The main guide for this research can be found at A Guide to Spiritual Gifts

Sunday, February 11, 2007

The Gift of Mercy

The best definition of mercy is not found in a book on gifts, but in a book on personality types. If we are looking for a description of mercy we will not find any better than the portrait of the ISFP in Please Understand Me:
The ISFP has to be the kindest of all the types with no near competitors. The kindness is unconditional. Here is sympathy, of which we are all capable, carried to its most extreme form. The ISFP is especially sensitive to the pain and suffering of others and, like St. Francis of Assisi, with sympathetic impulsivity gives freely to the sufferer.[1]

The gift of mercy is easy to identify in the type descriptions, but sometimes difficult to identify in practice because many without the gift will identify with mercy. These are usually people with gifts such as encouragement, shepherding, discernment, or hospitality. They will identify with mercy because their gifts often come with a great deal of empathy. This empathy, however, is a means to an end—it is empathy in service to their actual gift. With the shepherd, for example, empathy (identifying and sharing anothers thoughts and feelings) is necessary for providing long-term spiritual guidance. With encouragement, it is necessary to empathize to know where encouragement is needed, and with hospitality to better provide for immediate needs.

The ISFP is the only type to have mercy as an end in itself:
...it is this type more than any of the others whose style is to stand by another person (or plant or animal), with no intention to influence it, criticize it, or change it—perhaps not even to interact with it—only to be in its presence. Other types can hardly believe the ISFPs lack of intentions, let alone trust it. There must be some hidden motives, they believe. Surprisingly enough, there aren’t.[2]

Summary: For each of the sixteen personality types there is a theme or set of related themes that run through the various descriptions of that type. For the ISFP mercy or kindness is only a secondary or even tertiary theme. The primary theme is either that of a free spirit or of an artist (in a broad sense a painter, musician, dancer, or chef is each an artist in their own field). “Composers [Keirsey’s word for the ISFP] are attuned to sensory variation, which gives them an extraordinary ability to work with the slightest nuances of color, tone, texture, aroma, and flavor[3].” It seems that the ISFPs ability to sense and appreciate other people correlates with an ability to sense and appreciate all things, and this shows up in an artistic sensibility.

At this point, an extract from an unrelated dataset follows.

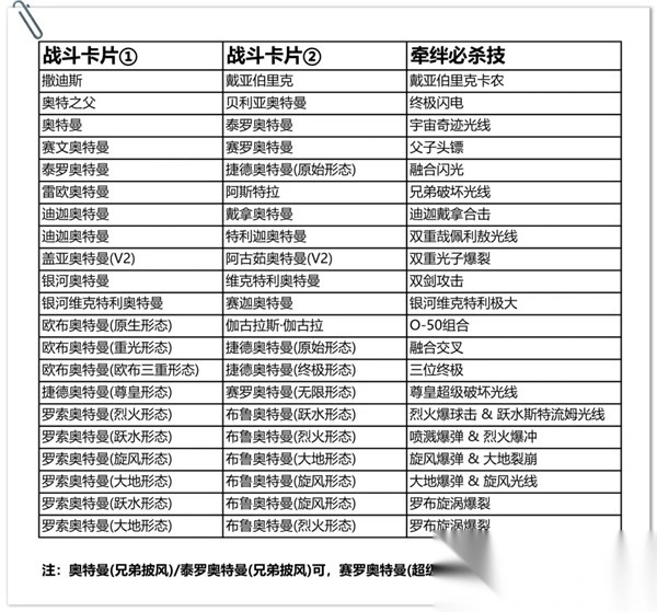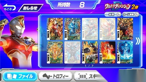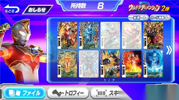 《奥特曼融合激战》这款游戏,是以卡片战斗的形式,将历代奥特曼系列中的奥特曼、怪兽以及宇宙人融入其中。其主题围绕奥特曼保卫地球、与怪兽展开作战。游戏玩法十分简单,玩家先对收集到的卡片进行扫描,然后录入奥特档案。如此一来,战斗时就能体验每个角色的必杀技。不仅如此,奥特曼之间还能组合释放合体技能,而技能威力取决于奥特战士自身属性。通常,原本就实力强劲的奥特曼,合体后可释放出威力更为强大的技能。所以,若想更轻松地战胜怪兽获取胜利,尽可能多地收集奥特曼卡片至关重要!

It is not clear, however, why the gift associated with some types shows up as a major theme, and for other types it is only a minor theme. It may be that the words God has given us to represent these abilities are not equally broad in their application. Perhaps mercy is not as representative of the whole personality of the ISFP as hospitality is for the ESFJ. It is also possible, though, that without the lens of scripture our view of people can be distorted. The ability to show mercy may not be as interesting to us as an artistic sensibility, so what should be a secondary theme could be magnified to prominence. This is only speculation, and whatever explanation is correct, the gift of mercy is a decent to good match with the ISFP personality.

References

[1] Keirsey and Bates, Please Understand Me: Character and Temperament Types (Del Mar, CA: Prometheus Nemesis 1978), 205.

[2] Otto Kroeger and Janet M. Thuesen, Type Talk at Work: How the 16 Personality Types Determine Your Success on the Job (New York: Delacorte Press, 1992), 331.

[3] David Keirsey, Please Understand Me II (Del Mar, CA: Prometheus Nemesis, 1998), 72.